We then define the winning condition of our game using a free ultrafilter $\mathscr{U}$. A sequence $y$ is a “winning match” for $x$ if $M(x,y) \in \mathscr{U}$. If you like, what this defines for us is a measure $\mu:\mathscr{P}(\omega) \to {0,1}$ where $\mu(A) = 1$ if $A \in \mathscr{U}$ and is 0 otherwise.
Let $\mathbf{1}$ be the sequence of all $1$s (heads) and $\mathbf{0}$ be the sequence of all $0$s (tails). Let $H(x) = {n \in \omega : x_n = 1}$ be the indices where my secret sequence $x$ has heads.
Question: Is $H(x) \in \mathscr{U}$?
- If Yes: Submit $y = \mathbf{1}$. Then $M(x, \mathbf{1}) = H(x) \in \mathscr{U}$. You win.
- If No: Submit $y = \mathbf{0}$. By property (3) of ultrafilters, if $H(x) \notin \mathscr{U}$, then its complement $\omega \setminus H(x)) \in \mathscr{U}$. Since $M(x, \mathbf{0}) = \omega \setminus H(x)$, your match set is in $\mathcal{U}$. You win.
Because property (3) forces an absolute dichotomy for any arbitrary subset of $\omega$, this question bisects the infinite Hamming cube $2^\omega$ into two pieces. It guarantees a winning submission for every possible $x$.
Remark 1: The question is equivalent to “Does your hidden sequence fall into the exact set of sequences for which submitting a sequence of all heads define a win?” So it’s tautological. Before you get upset, read on.
Remark 2: It may seem weird that the “density” of heads is 50% but we submit all heads or all tails. But this is not the right kind of comparison. It’s for the very fact that everything is expected to have a 50% density of heads that there is no way to get a “closer” match when there’s still an expected infinitely many mismatches. We can’t define winning/losing to mean “more” (mis)matches as infinite counts can’t be compared.
So we need something that makes it so that certain questions actually lead to a “competitive” strategy while being fair. An ultrafilter does this for us, even though it’s rather tautological to use it to define what winning means. There are some features that we want to preserve from the finite case:
- A complete mismatch cannot win since a match set in $\mathscr{U}$ implies the complete mismatch set is outside of it.

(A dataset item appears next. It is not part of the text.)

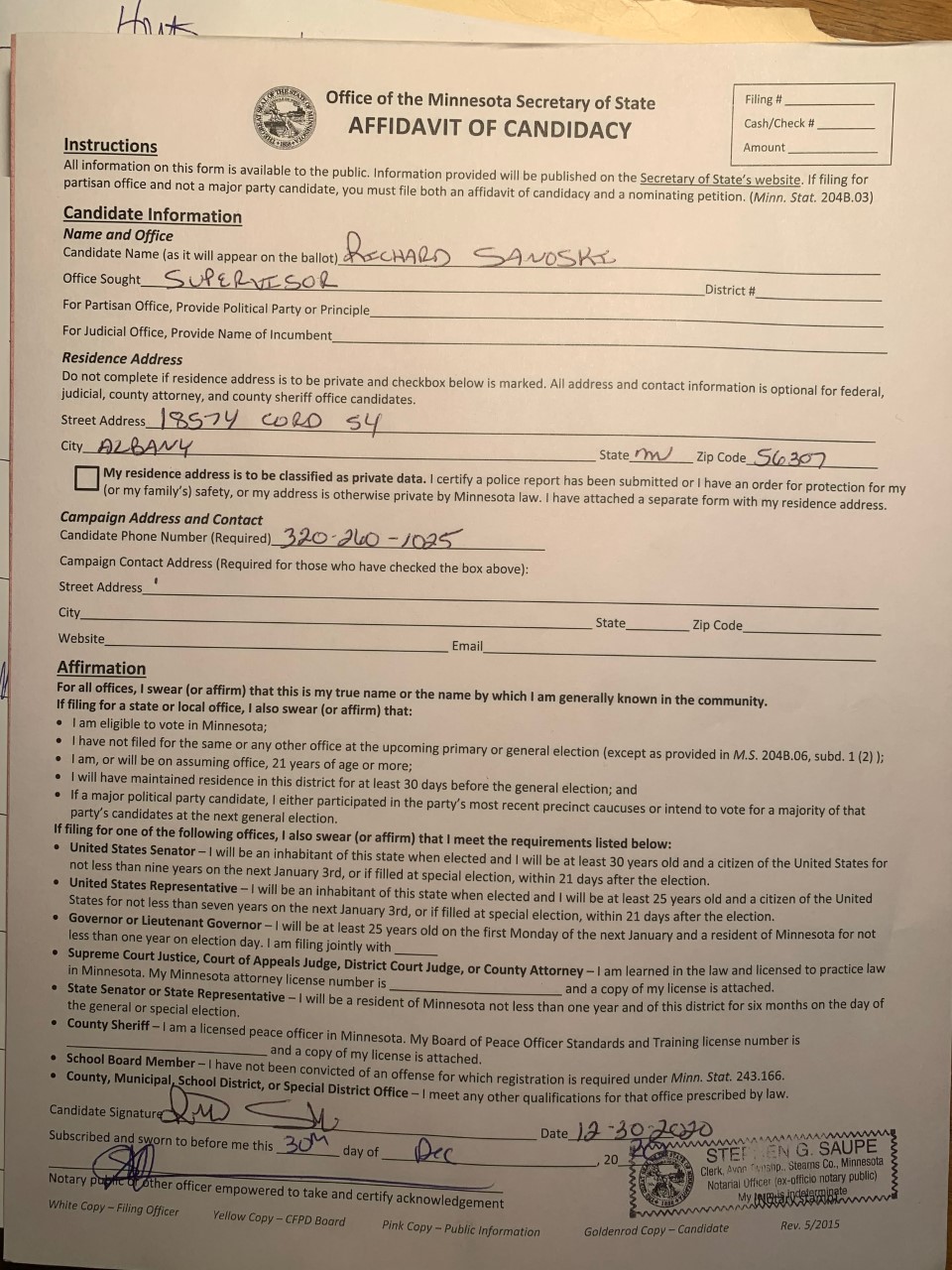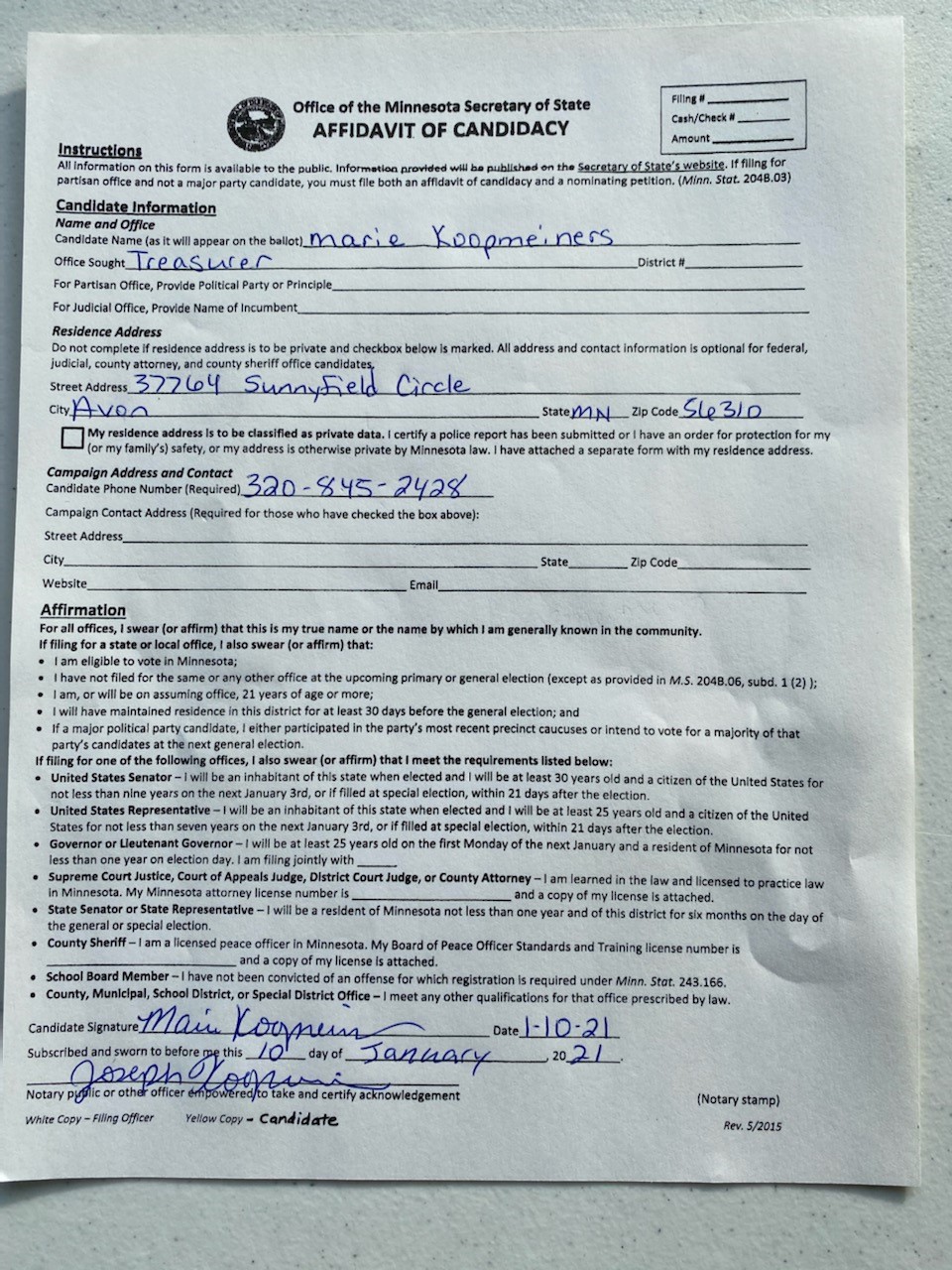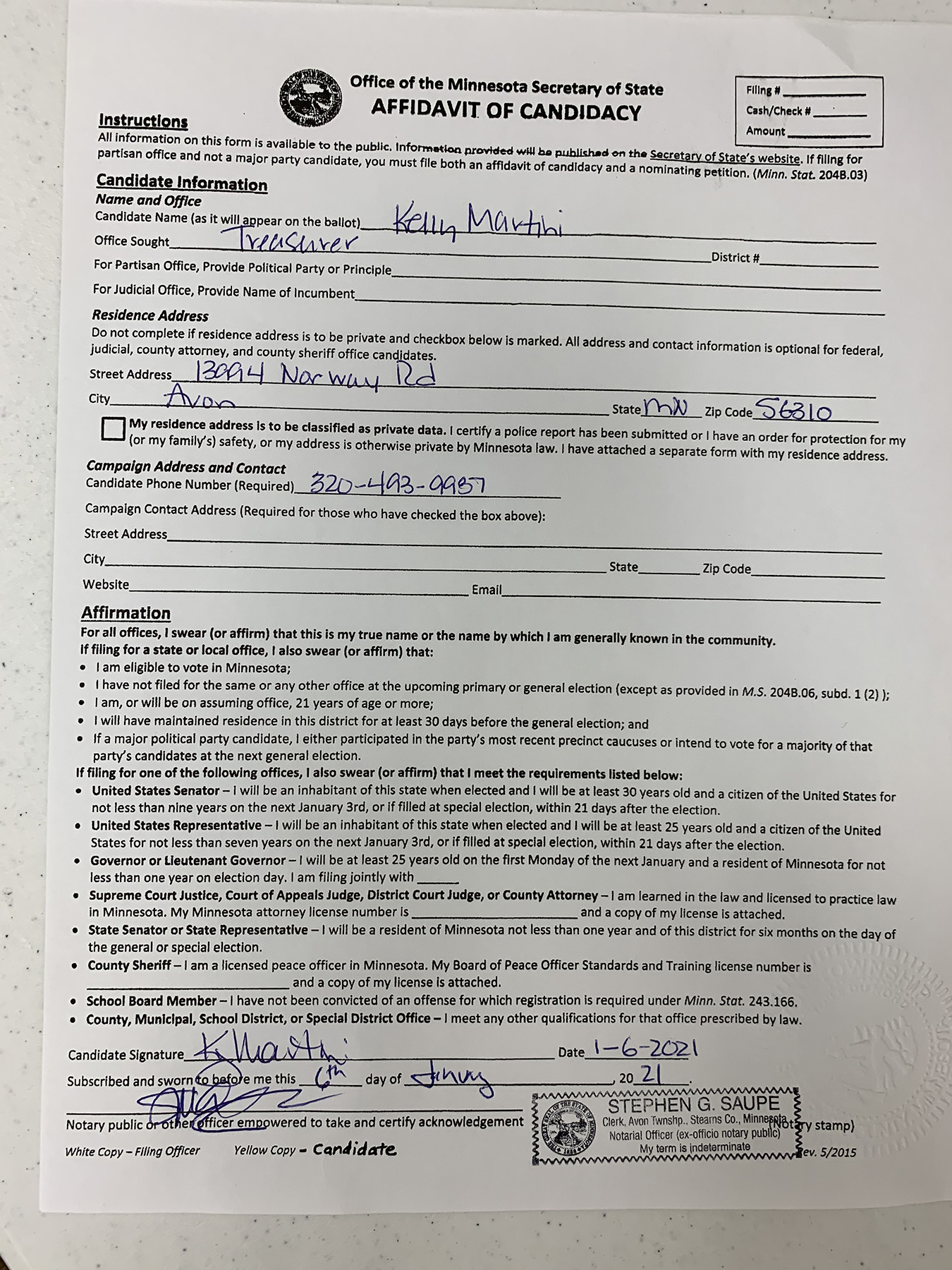 The annual Township Election was held on March 9, 2021 in the Town Hall (Resolution 12-02-20) located at 16881 Queens Road, Avon (MN). In this election (legal notice), residents voted for one Supervisor for a three-year term, and one Treasurer for a two-year term. Affidavits of Candidacy were filed by Kelly Martini, Marie Koopmeiners, and Rich Sanoski . The pre-test and Public Accuracy tests (legal notice) were performed prior to the election.

- There is consistency. Note that finite changes don’t matter to this measure but also, if $A$ is a winning match for $x$ and $B$ matches $x$ everywhere that $A$ does and then some, $B$ is also a winning match (by closure under supersets). This is certainly a property we wanted in the finite case: if $A$ is a decent match for $x$ and $B$ matches $x$ where $A$ does plus some more, then $B$ is also a decent match (and is considered better). Here, there’s no sense of something as better when trying to add a finite number to infinity.
- There is decidability. Every sequence has a defininitive win/loss verdict.
Remark 3: The strategy exists, but you cannot explicitly write down $\mathscr{U}$ in order to phrase the question. To construct a free ultrafilter, you must apply Zorn’s Lemma (which is equivalent to the Axiom of Choice) to extend the Fréchet filter (the filter of cofinite sets) to a maximal filter. Zorn’s Lemma is inherently non-constructive; it asserts the existence of a maximal element without providing an algorithm or formula to define it.
In fact, this limitation is a provable set-theoretic fact:
Sierpiński’s Theorem: One cannot prove the existence of a free ultrafilter on $\omega$ using only the Zermelo-Fraenkel axioms without the Axiom of Choice.
The moment you drop the Axiom of Choice, the ultrafilter vanishes, and with it, the guaranteed partition of the space.